Parisian confection and swing music met punkish metal spike studs on chokers, cuffs and shoes, and were beautifully plaited into the hair of models — some bent like twigs or indeed thorns. “We wanted to contrast and disturb the typical idea of dressing up,” Watanabe said backstage. His collection was rooted in the silhouettes of trees and stones, “transforming the basic shapes of nature into dresses,” he explained.
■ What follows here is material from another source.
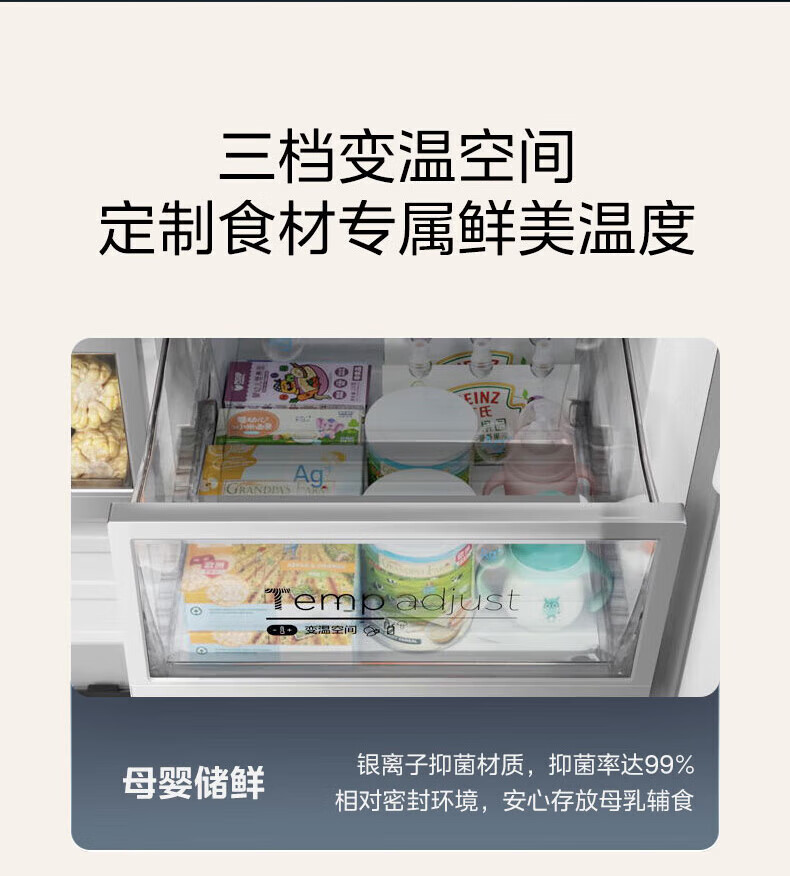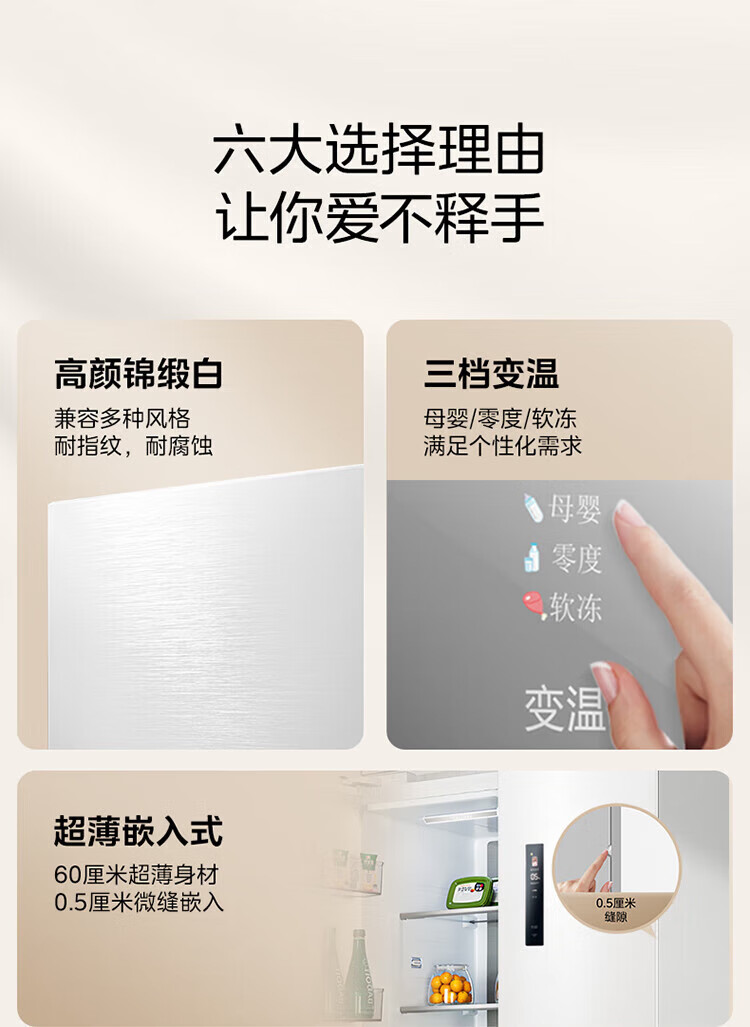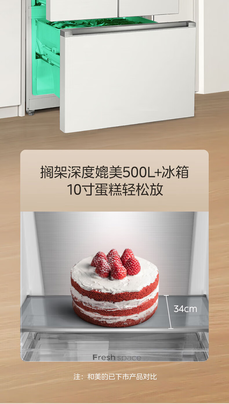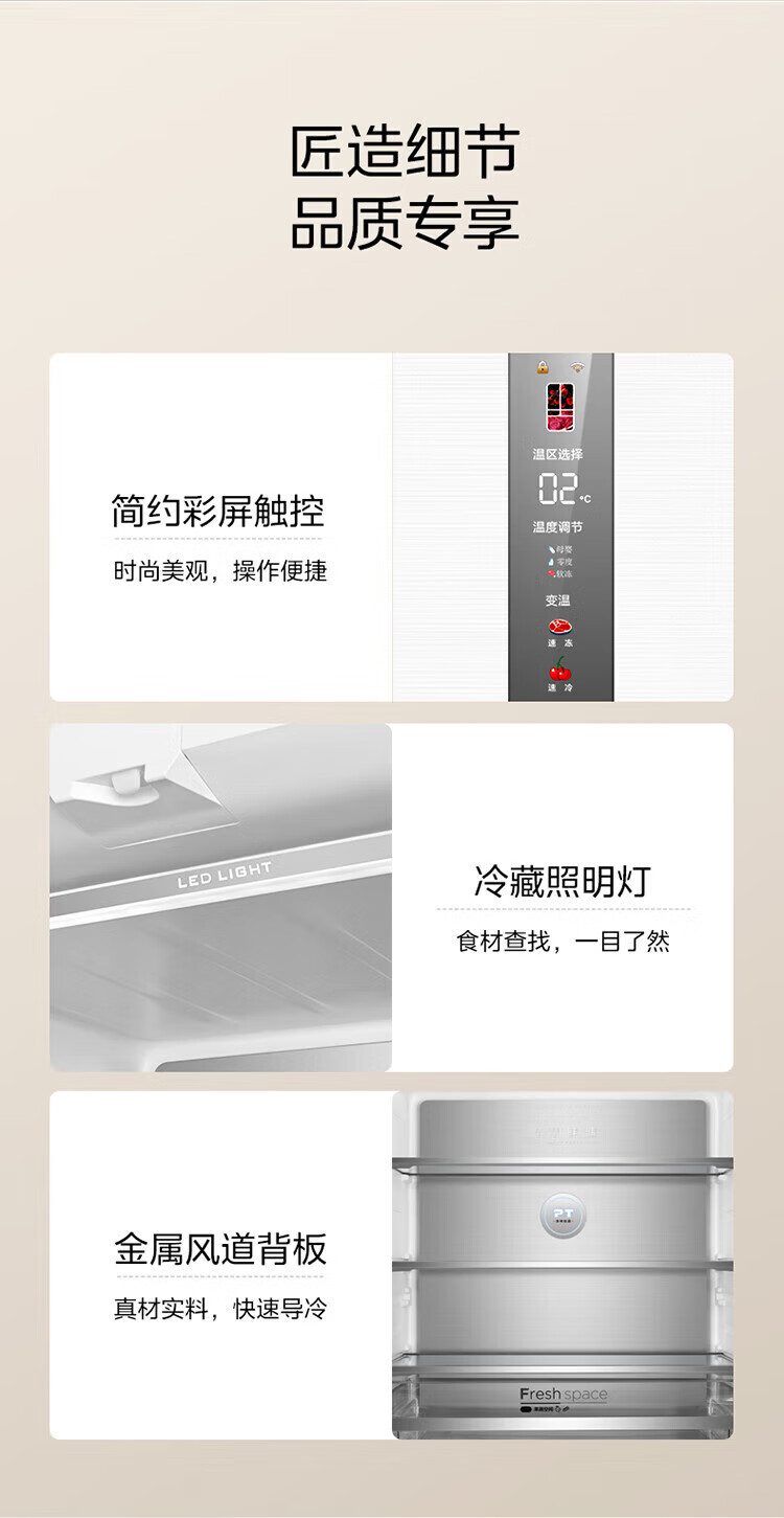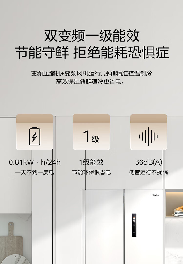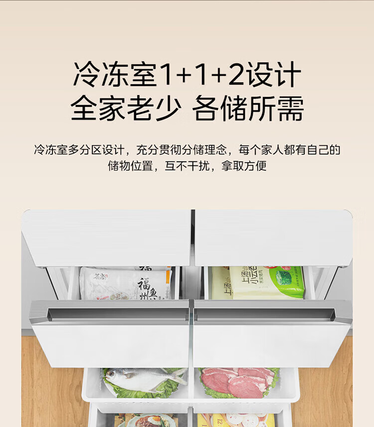美的 BCD-424WFPZM(E) 60cm厘米薄系列424升法式五门多门嵌入大容量家用智能电冰箱无霜一级变频冰箱

To a soundtrack that included the Chemical Surf version of "Feeling Good" and Johnny Mathis’ "Chances Are" (“chances are you believe the stars that fill the skies are in my eyes”), Watanabe delivered a highly elegant and never too romantic show, which played with the codes of haute couture now enthralling fashion’s ready-to-wear designers all over again. Watanabe, too, had been bitten by the finery bug, and the superior way in which he conveyed his sculptural and often complex clothing constructions made his take on evening glamour something quite special. Also rooted in nature, he’d borrowed nine of Marimekko’s distinct, bold motifs for decoration of said dresses, which eventually transitioned into camouflage. But it was those spiky accessories that made the show — an appropriate, uncomplicated and beautiful take on the volatile glamour, which is quite literally taking the season by storm.
This was glamour that bites back: nature’s alluring and unforgiving terrain, good versus evil and all the other things that fill the minds of fashion these days. "Look but don’t touch" - it could have been the tagline for Watanabe’s collection and for a glamorous season where thorns are hiding beneath the glitter. Yet, with the "Feeling Good" chorus reverberating in the Paris Descartes on rue de l’École-de-Médecine and those elegant dresses twisted and turning their way around models’ bodies and the zigzag runway, you couldn’t help but give into the optimism, at least a little bit.